Aug 2, 2009

Fear

Wheezed by KBT |

It was a few days earlier that I’d noticed the bruise. I hadn’t thought much about it, just caught a glimpse in the mirror and made the connection to the tenderness I’d been feeling. When neither the bruise nor the tenderness subsided, I started trying to remember when I’d banged myself. I’m klutzy, so bruises aren’t uncommon.

How would you even do that? File cabinet corner? Surely you’d remember that though.

I stood in front of the mirror, arm raised, staring at the side of my breast, trying to remember, but I couldn’t think of a thing I’d done. I shrugged it off, but each time my arm brushed my side it bothered me mentally as much as physically.

Stripping off my sweaty running bra I noticed it again. In the shower I pressed against it, meaning only to gauge how tender it still was but discovering, instead, a lump.

Really? Now? Now that I’m running, now that I’m making an effort to get healthy, now I find a lump.
It’s just a lump. That doesn’t mean it’s cancer. Lots of reasons for lumps that don’t mean anything nefarious.
Duh, but you know it’ll be just my luck. I’ve got a Disney princess half marathon to run, dammit. I don’t have time for this crap.
Being a little melodramatic, aren’t we? Just go get it checked.
Uh-huh, so I can find out that much sooner that all that soy milk I’m being so good about drinking is just feeding some estrogen extravaganza going on in my boobs?
Or don’t. Just keep imagining the worst.
I don’t need to imagine. I’ve got Google and WebMD to do that for me.

At which point I promptly went downstairs and logged on to Google and WebMD.

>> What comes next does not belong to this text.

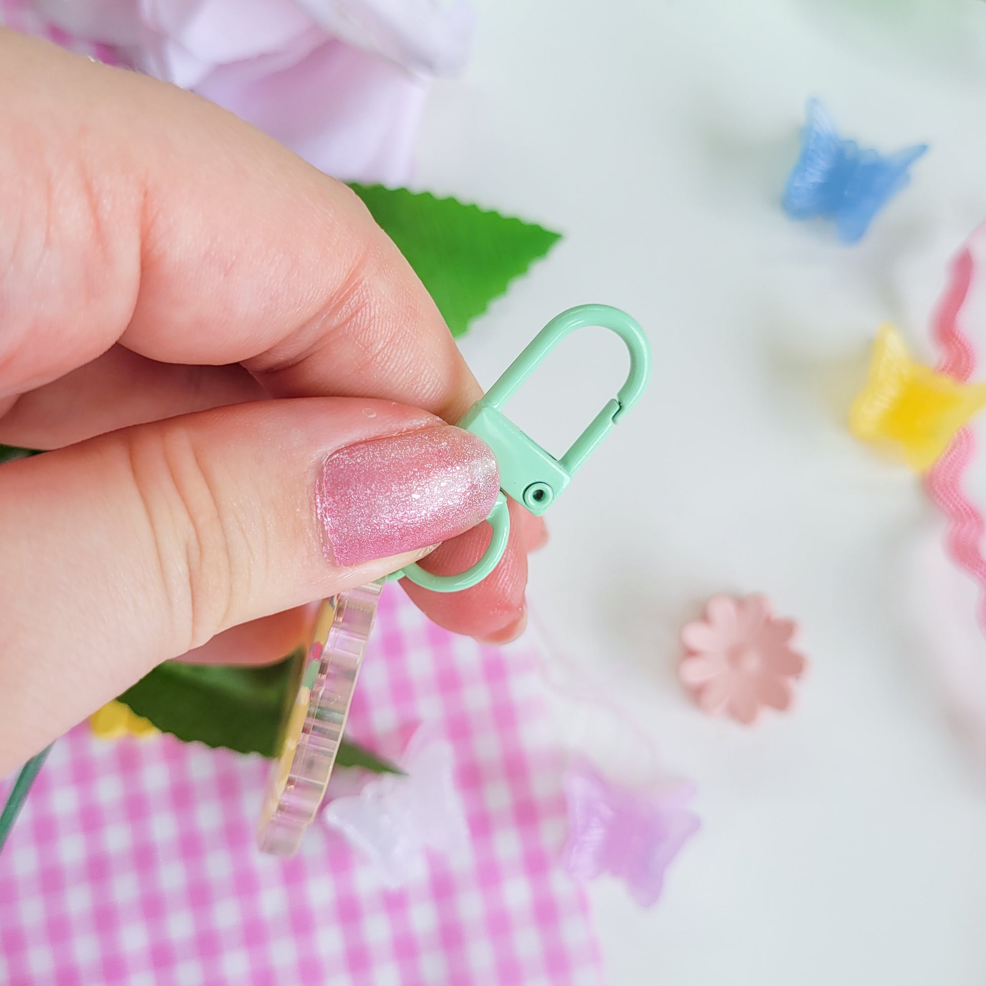 Designed and illustrated by myself, produced by a manufacturer. These charms are made from high quality clear acrylic and are double sided with glitter epoxy on one side, and a coloured keychain/clasp that compliments the design.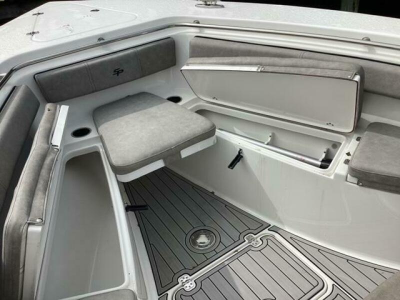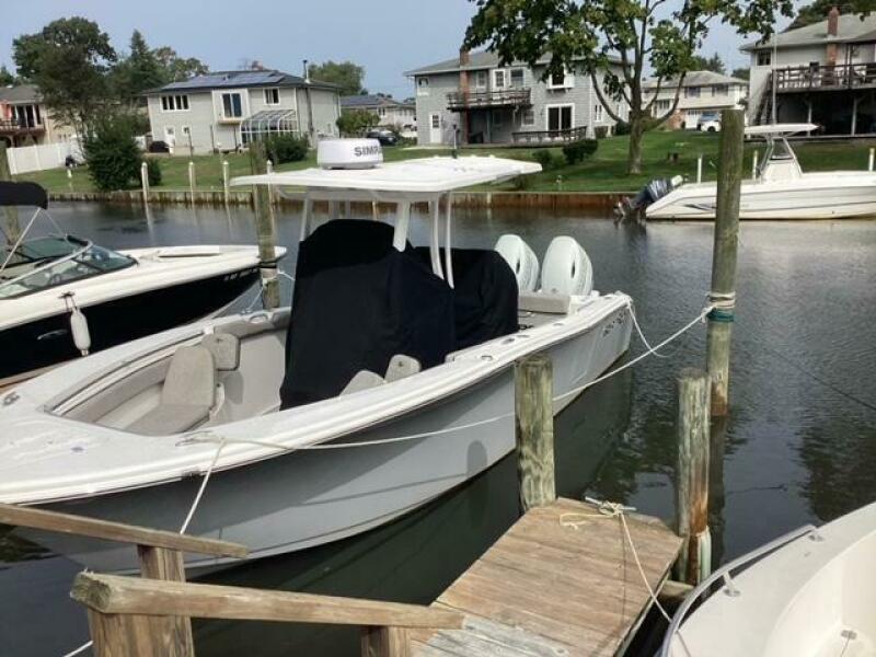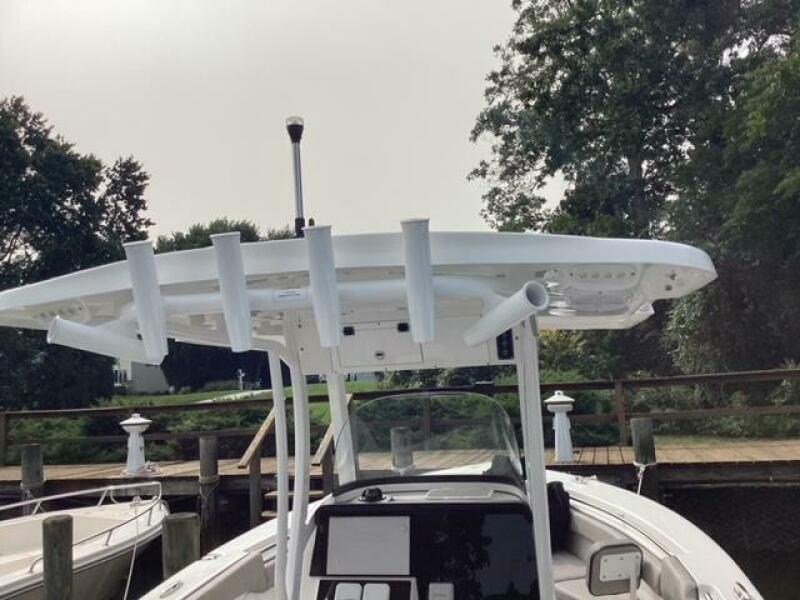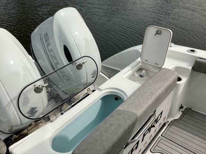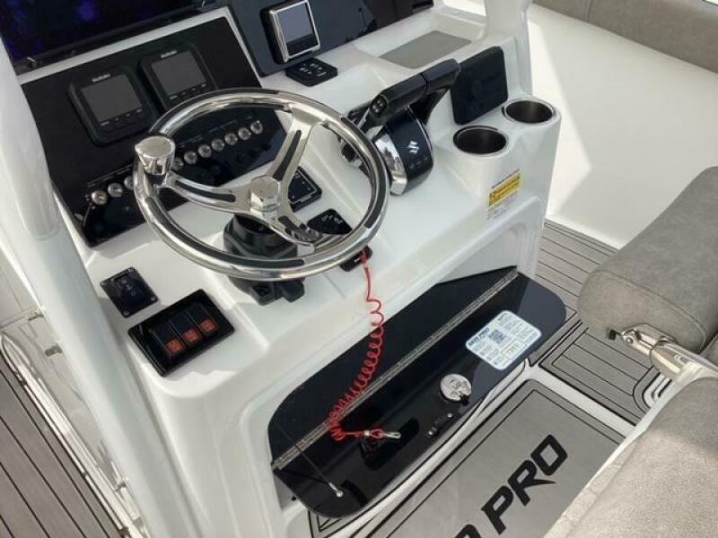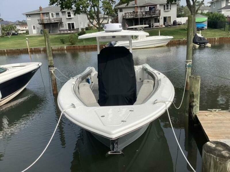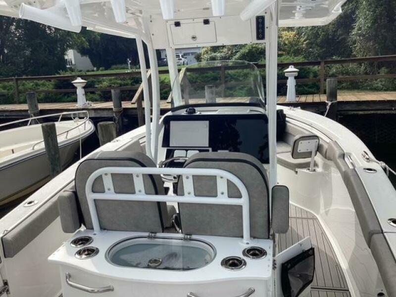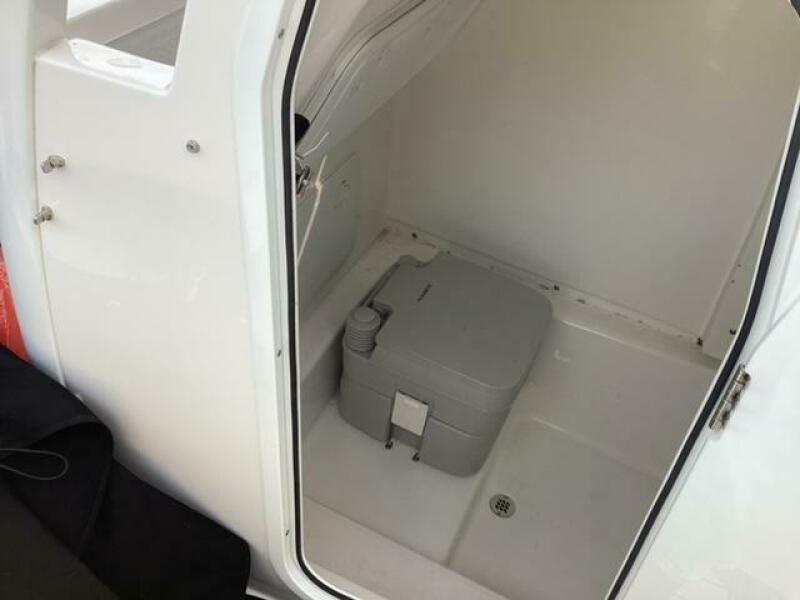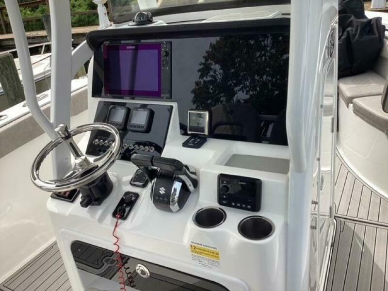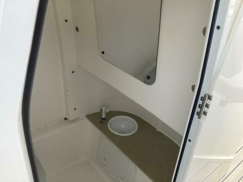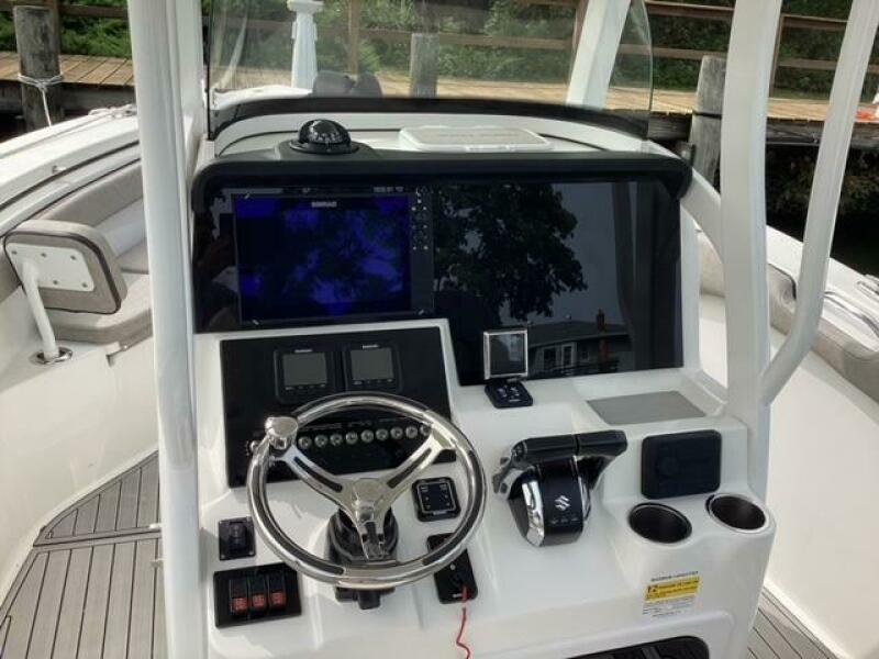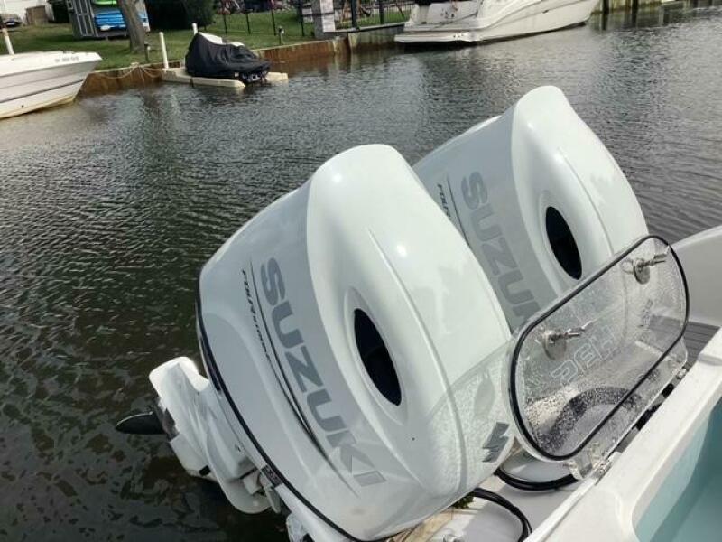 This boat shows so close to new you will think it is. Very nicely equipped with chart plotter, radar and autopilot. She has never been fished she has just been family bot for cruising around. Very low hours on the 200HP Suzuki's with only around 68 hours on these outstanding engines. There is an enclosed head so no need to rush somewhere . These are great riding boats with a 22 degree deadrise on these hulls. There is a hardtop also on this boat. Plenty of seating for everyone. Although equipped for fishing it has never been fished on . He is moving up and is going to miss this boat for sure.

It was either something simple or one of the truly bad boys of the breast cancer family. Like mother, like daughter. Technically, I have a family history of breast cancer. However, my mother couldn’t get something normal — no less scary or potentially lethal, to be sure, but at least understood and with known treatment protocols. No, she had to get New England Journal of Medicine quality cancer. Let’s-call-this-surgeon-in-India-because-he’s-the-last-one-who’s-seen-it cancer. You’re the lucky-number-13th case in the world cancer. And since we don’t really exactly know what it is but it might kinda sorta could be, let’s just call it breast cancer.

So yeah, I was betting on it being the bad boy.

I pretended to ignore it while I waited for the gynecologist’s office to open so I could make an appointment. It was on my to-do to finalize the registration for the Disney Princess, but I couldn’t bring myself to submit the $250 team registration fee.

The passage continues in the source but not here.